Will the top line just form on its own? I thought it was muscle. The strategy healthy edge has beet pulp already in it. We are working them up to the amounts suggested slowly. The vet suggested start with a quarter scoop (which is about a pound) and work our way up to the recommended amount adding a quarter scoop every 3-4 days. Is the extra beet pulp bad for them?
_Posted via Mobile Device_


----------



## deserthorsewoman (Sep 13, 2011)

I guessed the colt at about 800 lbs, to maintain him at that, he needs 2.5 lbs. The mare at 1000 lbs, which would be 3.25 lbs
Don't know their height, so it's really just a guess. 
You want to feed what they should have to maintain their ideal weight. That way they should gain. 
You can offer the hay, they will eat if pasture doesn't give them enough. If it's " hard", break it up a little. Make sure it's not moldy, tho. 
I thought you had mentioned you do feed beetpulp, that's why I asked
The HE should have them fill out quite nicely. My Arab got fat in half of his recommended maintenance ration lol.
But do try for at least three meals. And if you only split one meal into half when you arrive and the other just before you leave. That already helps.


----------



## Chess46 (Jul 5, 2009)

We weren't feeding beet pulp until a couple days ago. We just started introducing it. The mare is 15.3 and the colt is 14.2 

Even breaking it up an hour would help? We usually just go out and groom and feed. I will start breaking it up more while we're there if that will help. We can only go out there twice a day due to our work schedule.
_Posted via Mobile Device_


----------



## deserthorsewoman (Sep 13, 2011)

Yeah, have the first half there and ready first thing. Then second half when you leave. And the same in the evenings. Divided into 4 it will be only a couple of mouthfuls. Which is good
I'd offer them hay for the night, if there's still enough grass, and weigh what's left in the morning, so you'll have an idea howmich they consume. 
Have you looked into slowfeeders? They're not only to slim a horse, but also to help utilize better what they get. It slows them down, and makes them chew well, which is half of the digestion already.


----------



## Chess46 (Jul 5, 2009)

No we haven't looked into slow feeders. Should we?
_Posted via Mobile Device_


----------



## deserthorsewoman (Sep 13, 2011)

WikiFoundry, Inc - Where the Internet's most compelling wikis are forged.
bunch of different ideas. 
I still get a kick out of watching mine eat out of one.
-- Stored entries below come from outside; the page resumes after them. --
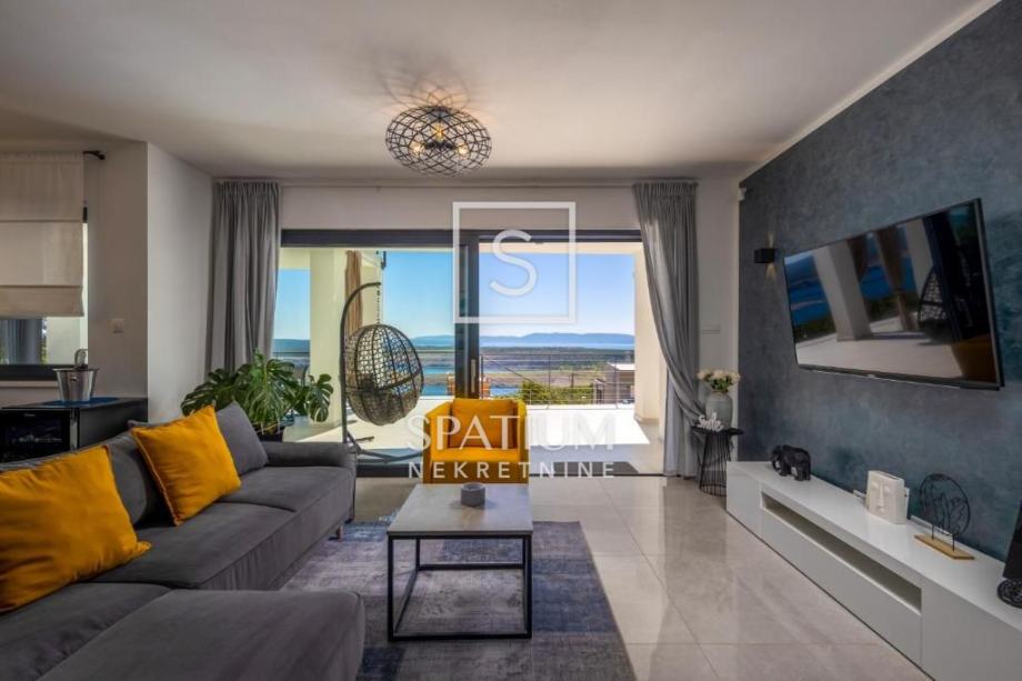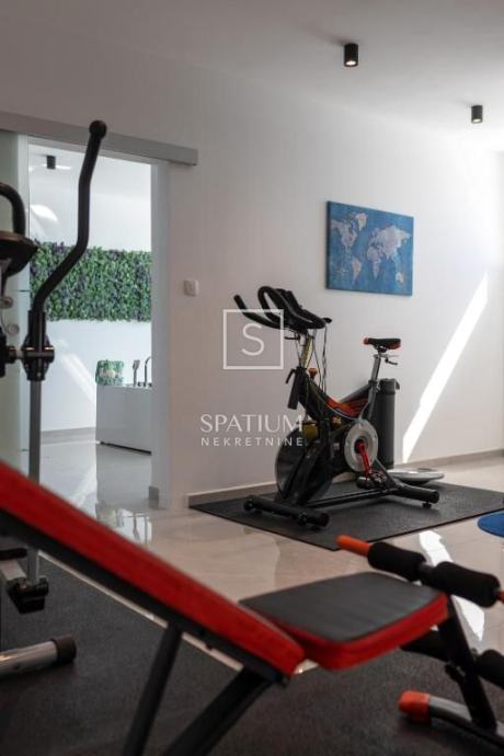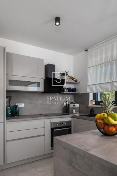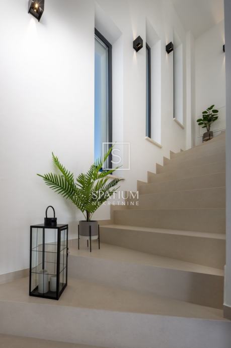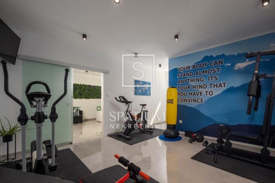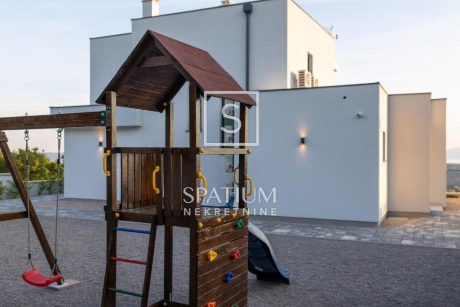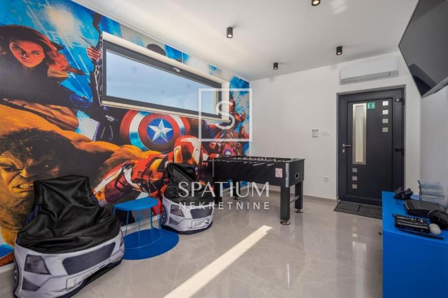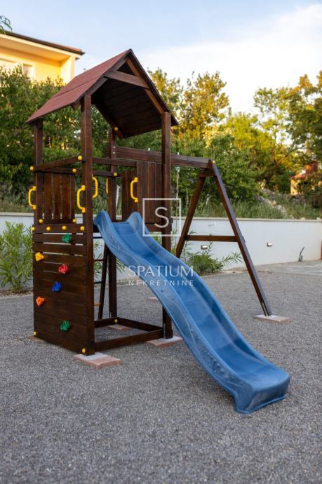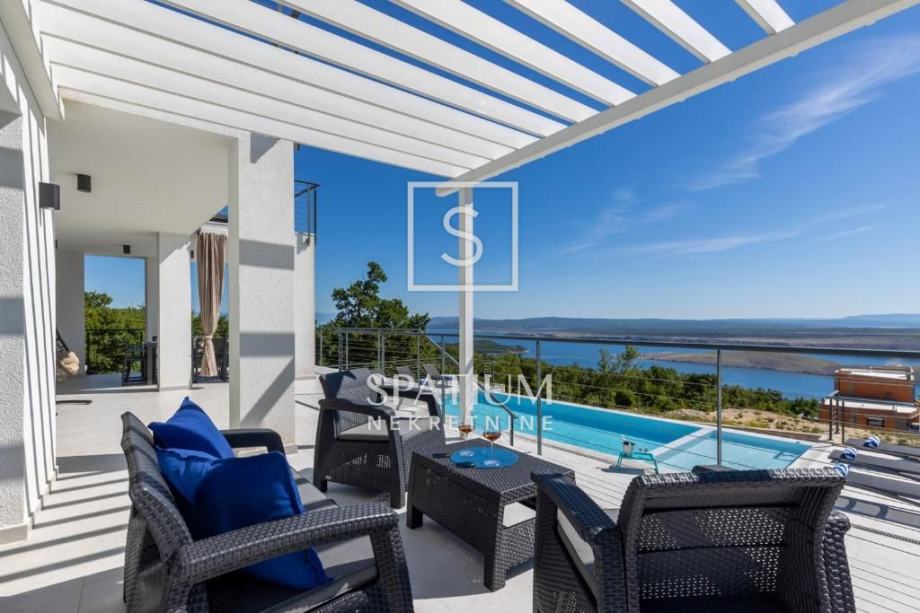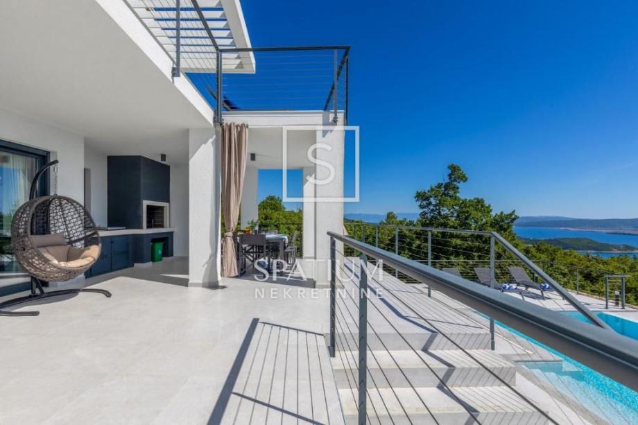 ŠMRIKA, u ponudu smo dobili obiteljsku vilu s panoramskim pogledom na Kvarner. U prizemlju je spavaća soba s vlastitom kupaonicom, WC-om, kuhinjom s blagovaonicom i dnevni boravak iz kojega se izlazi na terasu s prostorom za druženje. Unutarnje stubište vodi na kat, a sastoji se od dvije spavaće sobe od kojih svaka s vlastitom kupaonicom te terasa, suteren u kojemu su prostor za druženje s fitnessom, manji wellness te velika prostorija za tehniku. Kuća je građena visokokvalitetnim materijalima kako u interijeru tako i u eksterijeru. Veliki popločani parking za više automobila ispred kuće. S bočne strane je prilaz stepeništem, iza je popločana terasa s priključcima struje i vode. Ispred kuće na prostranom sunčalištu dominira "Infinity" bazen uz koji je smješten manji dječji bazen. Karakteristika ove prelijepe nekretnine je okućnica koja je u potpunosti ograđena ručno rađenim kamenim zidom.
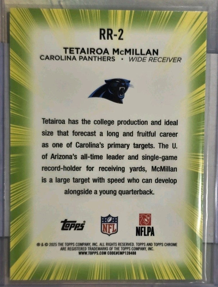 The product is a 2025 Topps Chrome Tetairoa McMillan Radiant Rookies #RR-2 SSP Case Hit trading card featuring the player from the Carolina Panthers in the National Football League (NFL). This card is a rare parallel variety called Refractor made of card stock material. It is part of the Radiating Rookies set by manufacturer Topps, focusing on highlighting rookie players in the 2025 season. This highly collectible card would be a valuable addition to any football trading card collection.
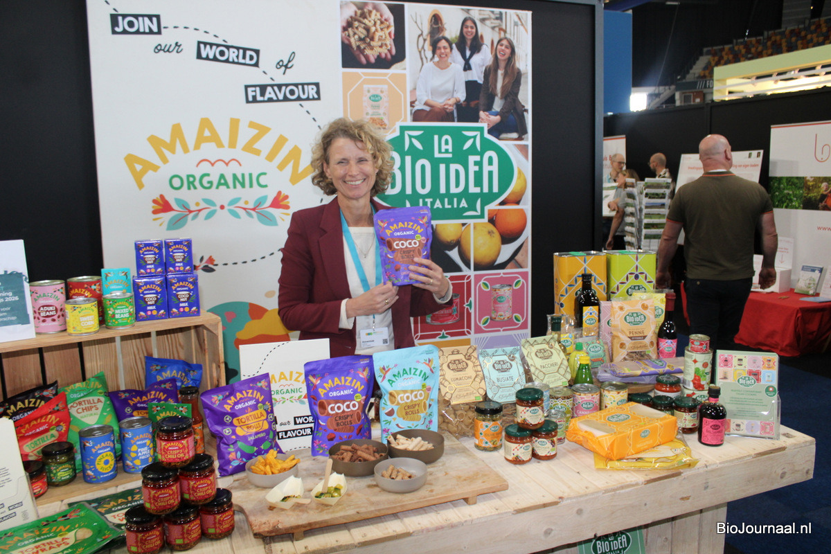 Annemiek Flantua van DO IT Organic met de chocolade-kokosrolletjes van het merk Amaizin.
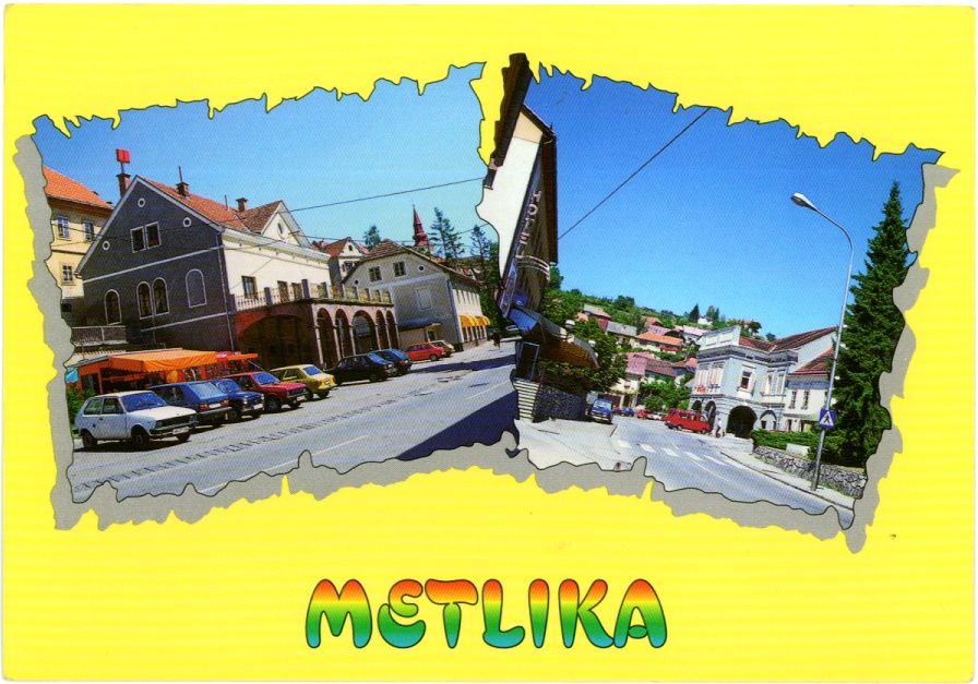 Metlika Elemento multimediale 09.09.2019 14:11 pubblicato da Ljudska knjižnica Metlika Razglednica z motivoma Metlike. Levo Murnova hiša s teraso, zraven današnja Galerija Kambič, desno metliški hotel, pogled naVeselico. Razglednica je bila poslana 10. 5. 1999 v Trbovlje. Založnik Fotolik Celje, foto F. Mauer. Slika FacebookXPinterestLinkedIn Natisni Natisni brez slik
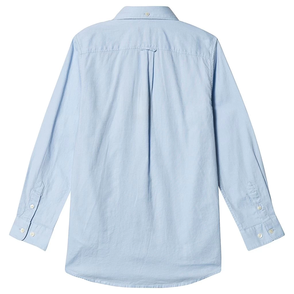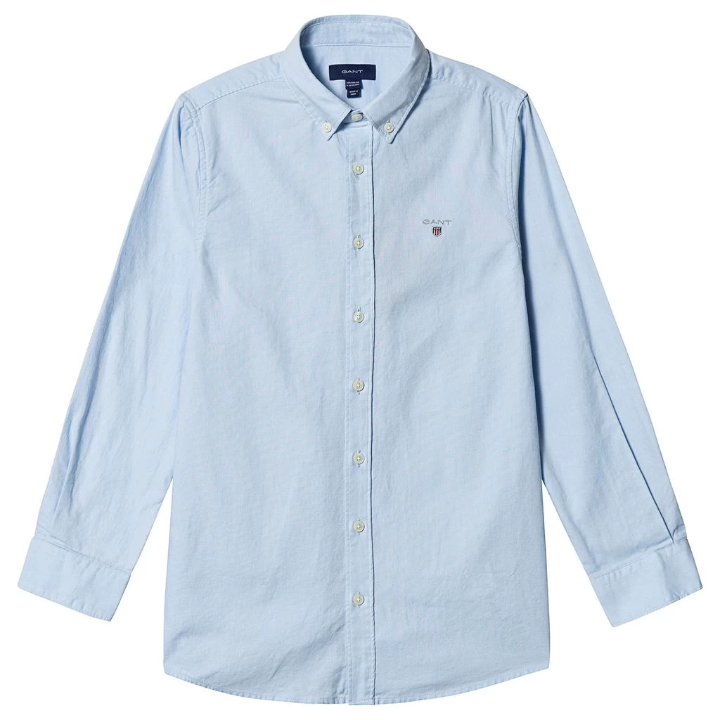 Blue, striped Logo Oxford shirt by GANT. The shirt has a regular fit. It has a button detail on the collar, a logo detail on the front and a button closure on the front.
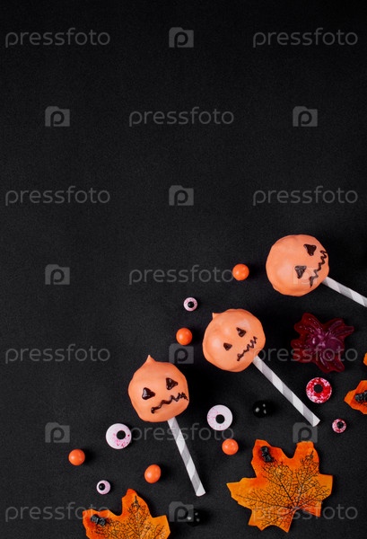 Хеллоуинские тыквенные хлопья и сахарная крошка на черном столе. Праздничные угощения. Копировать пространство
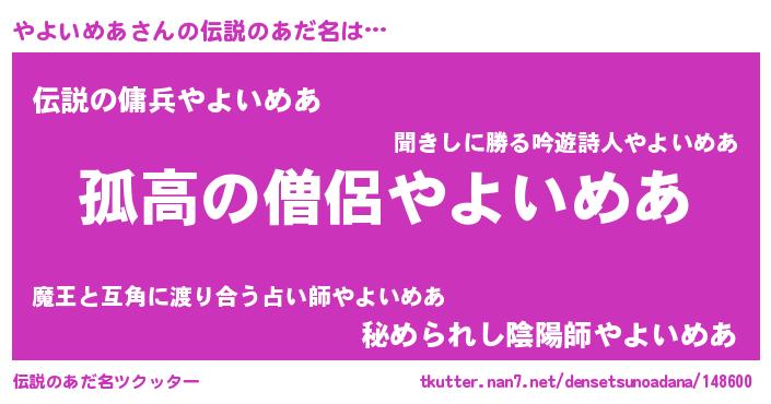 | ポケモン風あだ名 | 『ヒヤヨイメア』『ヤヨチュウ』 |
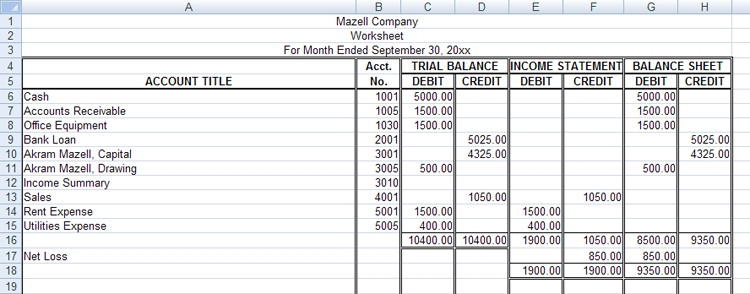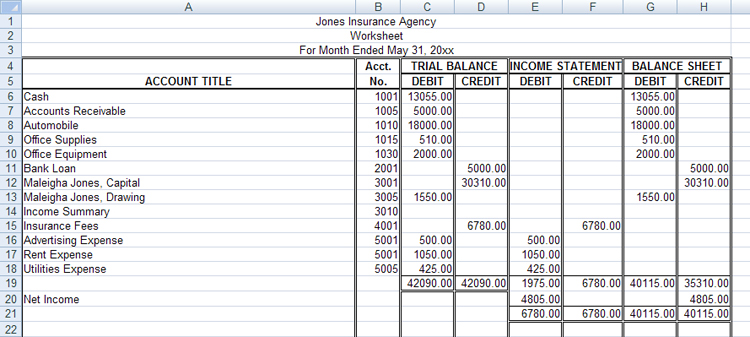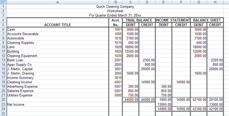 Use the worksheet below to complete an income statement, balance sheet, and statement of owner’s equity. The capital on the balance sheet will be the same as the ending capital on the statement of owner’s equity.
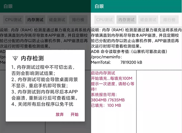 通过暴力填充的方式直至 App 闪退,以此来辨别手机的真实运存大小,注意事项使用过程中都有,我就不赘述了。
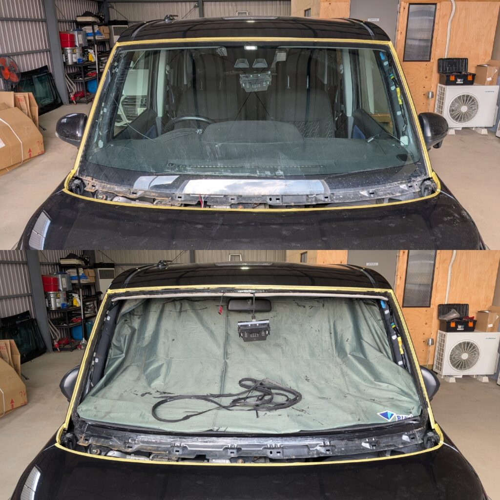 以前もフロントガラス交換のご依頼を頂いたことのあるお客様で今回も飛び石によりトヨタ ルーミーのフロントガラス交換をさせて頂きました。
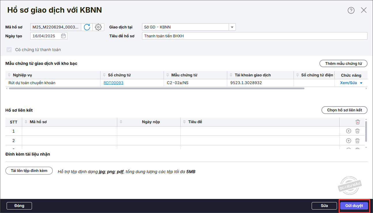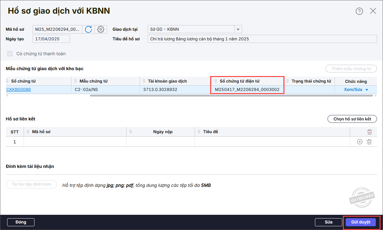 Bước 8: Nhấn Gửi duyệt để gửi hồ sơ cho Kế toán trưởng phê duyệt.
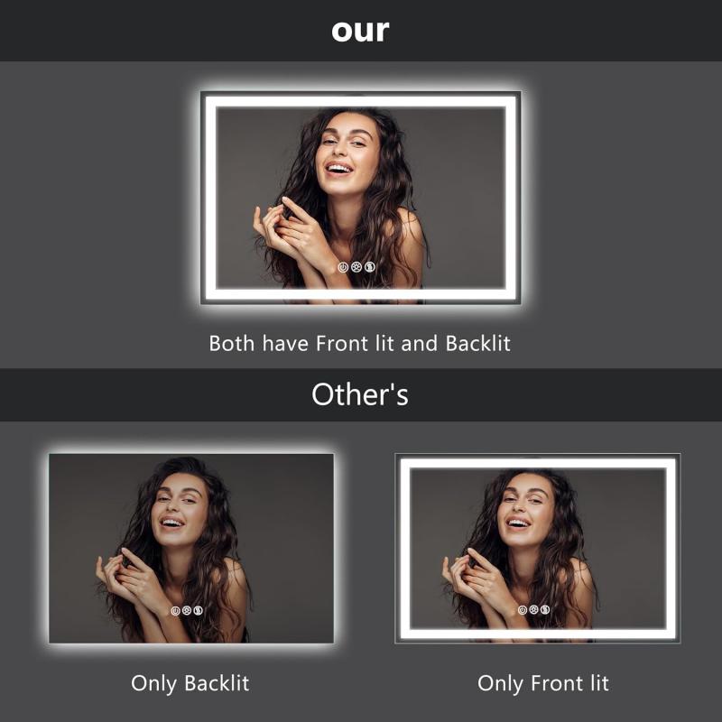 Featuring adjustable frontlit and backlit illumination in three different color temperatures, this mirror ensures optimal lighting for any activity, from applying makeup to relaxing in the bath. The anti-fog feature guarantees a clear reflection, while the smart memory function recalls your last brightness setting for effortless use.
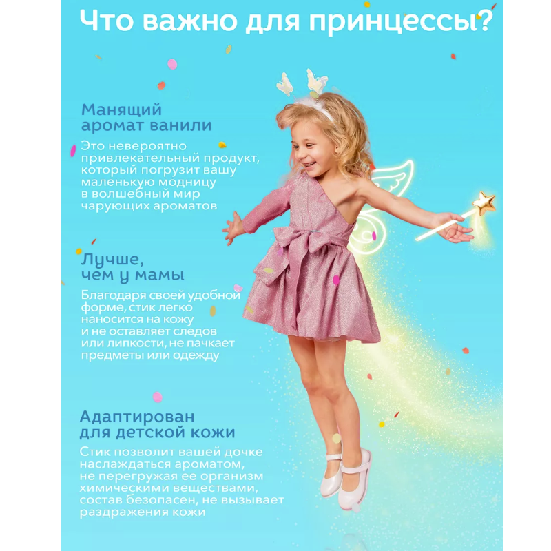 Стильный флакончик таит в себе манящий аромат цвета ванили – секрет особого очарования Принцессы. Стик легко наносится, не оставляет следов и липкости, не пачкает предметы и одежду. Манящий аромат и стильный флакон – как у мамы, только лучше.
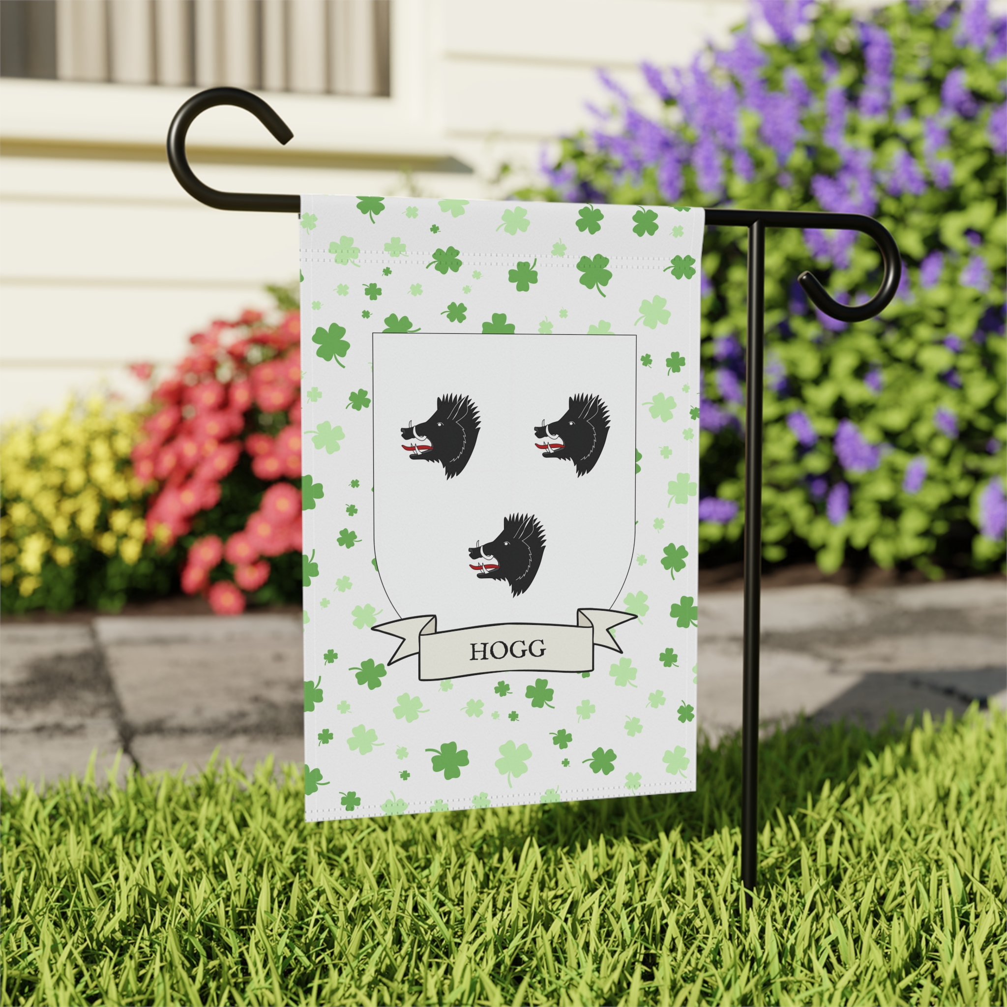 This welcoming Garden Banner will be a great addition to your garden or yard. It displays the Hogg Family Coat of Arms over a subtle background showing a field of four-leaf shamrocks. Both sides show identical images.
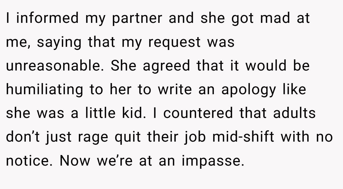 In their view, once someone owns up to their mistake and makes an effort to improve, that should be the end of it. Forcing a written apology felt over the line, like a punishment that could damage team dynamics more than heal them.
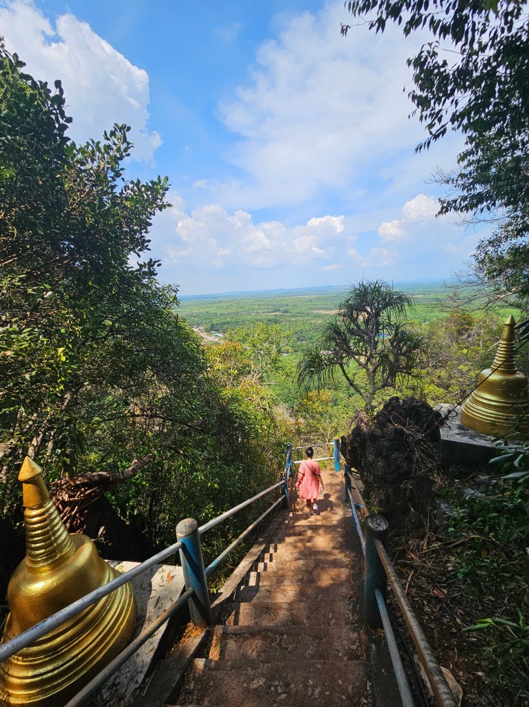 🏯 Tiger Cave Temple – 1260 de trepte ar fi trebuit să mă ducă la o panoramă incredibilă asupra Krabi însă, urcarea este extrem de obositoare și ghidul chiar ne-a avertizat să nu ne aventurăm dacă ni se pare prea greu deoarece, se pare că cineva a decedat în încercarea de a urca. Nici eu nu am reușit să ajung sus, am urcat doar jumătate însă, sunt convisă că priveliștea de sus merită tot. Încercă să vizitezi Tiger Cave de unul singur, nu într-un tur ghidat în care să fi presat de timp. Templul a fost fondat în 1975 de călugărul budist Ajahn Jumnien, care, conform legendei locale, a descoperit această peșteră în timpul unei meditații. Numele său provine de la forma unor stânci din peșteră, care seamănă cu urme de tigru, dar și de la miturile conform cărora tigrii locuiau aici în trecut.
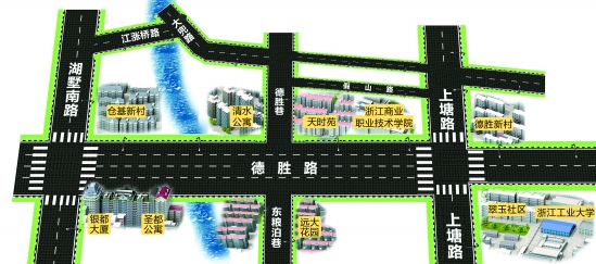 现状:这里北侧主要集中了清水公寓、天时苑等多个小区,以及浙江省商业职业技术学院(德胜校区)等单位,南侧主要是远大花园等小区。

They literally pick one by one blade of it and chew it first then get the next one. Each has their own techniques on how to get it best. One pushes, the other goes at it from below, the third takes what sticks out and " grazes" that first. Neat
I made mine out of baling twine, the first set with bigger openings, so they can get a little more out and won't get frustrated, the second set has one inch holes. They had mastered the first set within 3 days lol.
It keeps them eating little at a time, but constantly. That's what they're meant to do.


----------



## Chess46 (Jul 5, 2009)

That's a very good point. The link takes me to a website editor?
_Posted via Mobile Device_


----------



## deserthorsewoman (Sep 13, 2011)

Oops....sorry
WikiFoundry, Inc - Where the Internet's most compelling wikis are forged.


----------



## deserthorsewoman (Sep 13, 2011)

I guess they moved it. I'll look. Hang on...


----------



## deserthorsewoman (Sep 13, 2011)

Disappeared. Too bad.
Try http://www.naturalhorseworld.com/slowfeeders.htm
Some ideas there.
If you Google " paddock paradise slow feeders", bunch of images pop up.


----------



## Chess46 (Jul 5, 2009)

Thanks deserthorsewoman! We will look into these!
_Posted via Mobile Device_


----------



## Chess46 (Jul 5, 2009)

Looking ahead to the future..
The colt has very bad separation issues. The other two horses cannot leave his sight or he goes crazy. When Fancy (the mare) is in good enough shape to ride I don't want Lakota (the colt) to hurt himself due to not being able to see the other two horses. Is there anything I can do to calm him? I want to start taking Fancy and Chess (my quarter horse) for walks to get them used to our area. I am afraid however that the colt will try to break out or something. Any ideas?
_Posted via Mobile Device_


----------



## barrelbeginner (Jan 31, 2012)

My horse Poncho was like this.. still is sometimes.. He just runs back and forth snorting and what not.. What I would do is maybbe. start taking the colt on little walks by himself.. and when you notice him to start to get a bit antsy turn around.. OR dont go far enough for him to get ansty away from the horses.. take him farther and farther each time.. until he is okay with being away from the other horses.. Then do the same thing with the mares? Not sure if this would work.. 

Maybe just put him in a pen where you know he can't hurt himself or get out.. and give him food and go about working with the others?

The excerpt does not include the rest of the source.